No one knows exactly where the legend came from, but my informant said she had heard it from a friend who had heard it from a friend who went to Milton Elementary School, where the boy had supposedly gone to school. There were some people who believed it, she said, but most people did not, if only because the nature reserve was perceived to be so frightening at night that no one would ever go there to sleep alone, and because in a small town like that, such a police investigation would have been the talk of the decade. However, the most significant aspect of the story wasn’t, or isn’t, its believability, but more the rituals it spawned.
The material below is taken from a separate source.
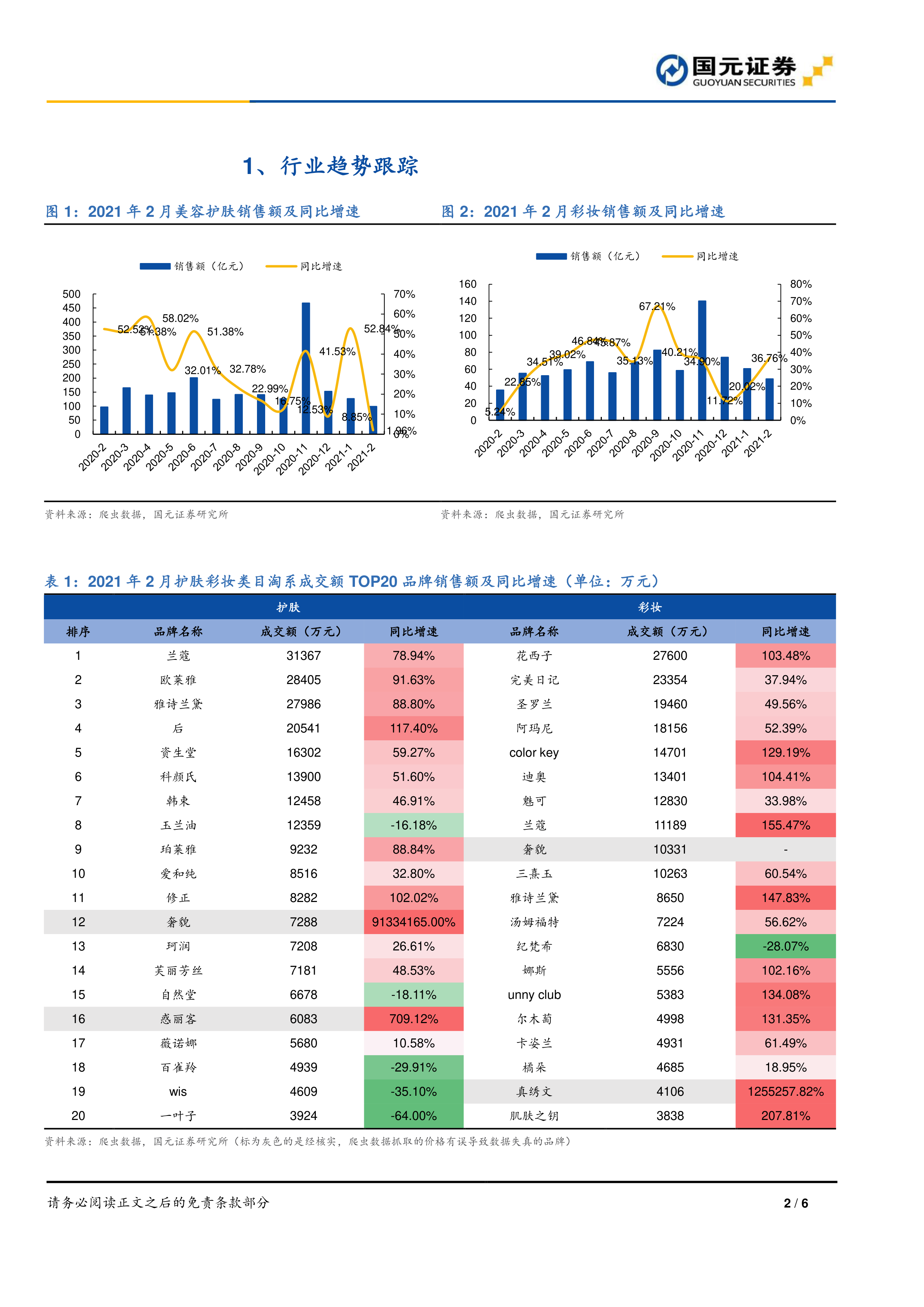 本报告基于2021年2月化妆品行业数据,对市场进行分析,核心观点如下:

Although the legend had initially circulated amongst elementary schoolers, it eventually found its way into the collective imagination of middle school and high schools students, who began to use it to create ritualistic events. For instance, my informant said, there were always a group of foolhardy middle school kids that would make it a point, over the summer when they were bored, to camp under different trees a few nights in a row, to see if they could find the right one, “The Hogwarts Tree.” Even in high school these sort of ritualistic events proceeded, with high schoolers doing the same thing or being even more clever by daring someone to sleep under a tree alone. At one point, my informant said, when the legend was at its peak, there would be twenty or thirty groups of different middle schoolers and high schoolers (sometimes with parent chaperones, although these were the “lame” groups) grouped under different trees, using “The Hogwarts Tree” as an excuse to camp out in the middle of the nature reserve. It became fashionable to say that they had spent the summer looking for “The Hogwarts Tree,” and oftentimes people told stories of how they had come so close to finding it.
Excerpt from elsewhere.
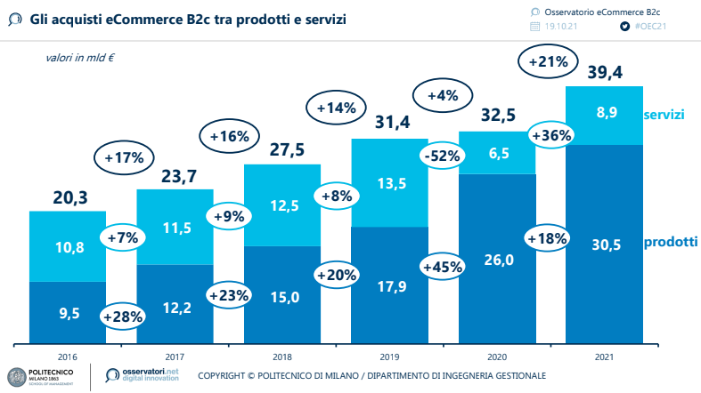 Analisi » Nel 2021 l'e-commerce in Italia vale 39,4 miliardi di euro (+21% sul 2020)
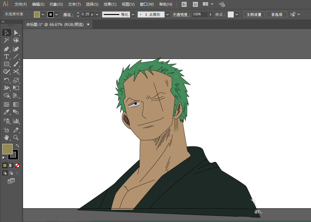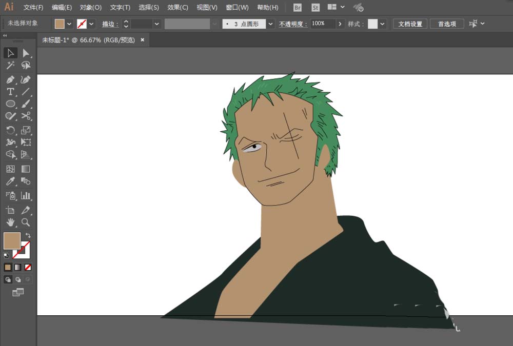 ai中绘制动画角色很简单,想要绘制索隆,该怎么画呢?下面我们就来详细的教程。

The town police had, apparently, turned a blind eye to the proceedings, seeing as how it was all some kids having fun, up until high-schoolers and college students began drinking in the reserve, having secret Hogwarts parties that my informant did not know about until she was a high-schooler herself. These and the other groups petered out as the police began discouraging them from camping in the reserve. There were still some people that ventured into the reserve to look for “The Hogwarts Tree,” but these were random groups, usually college students looking for an adrenaline rush.
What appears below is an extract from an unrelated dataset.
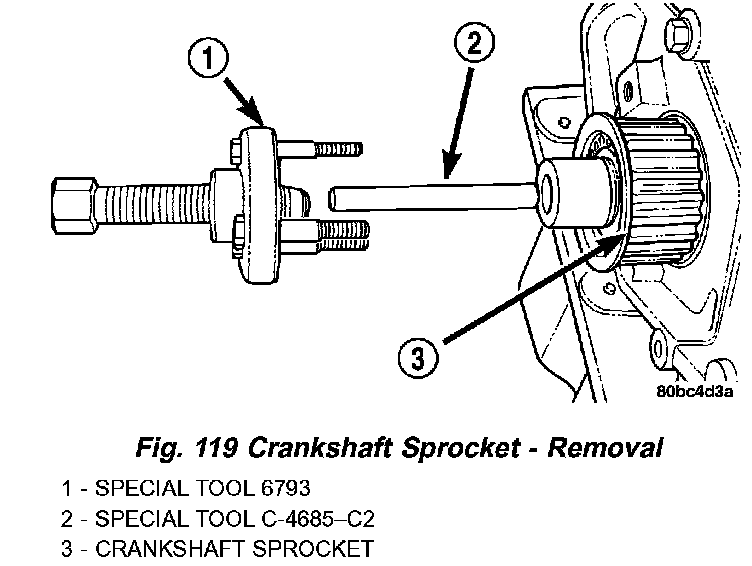 3. Remove crankshaft sprocket using Special Tools 6793 and insert C-4685-C2 (Fig. 119).

This legend arose, obviously, from elementary school students’ obsession with the Harry Potter books–especially because they were of the right age to receive the letter from Hogwarts that would supposedly proclaim them a wizard. Every reader of the Harry Potter books has wanted to become a wizard, and this desire is perfectly captured in this story, which entranced first elementary schoolers, and then those older, indicating that nobody is too old for some literary escapism, or to want an excuse to camp out in a forest without parental supervision. Looking for “The Hogwarts Tree” perhaps gave them a sense of higher purpose that elevated the event beyond the traditional experience.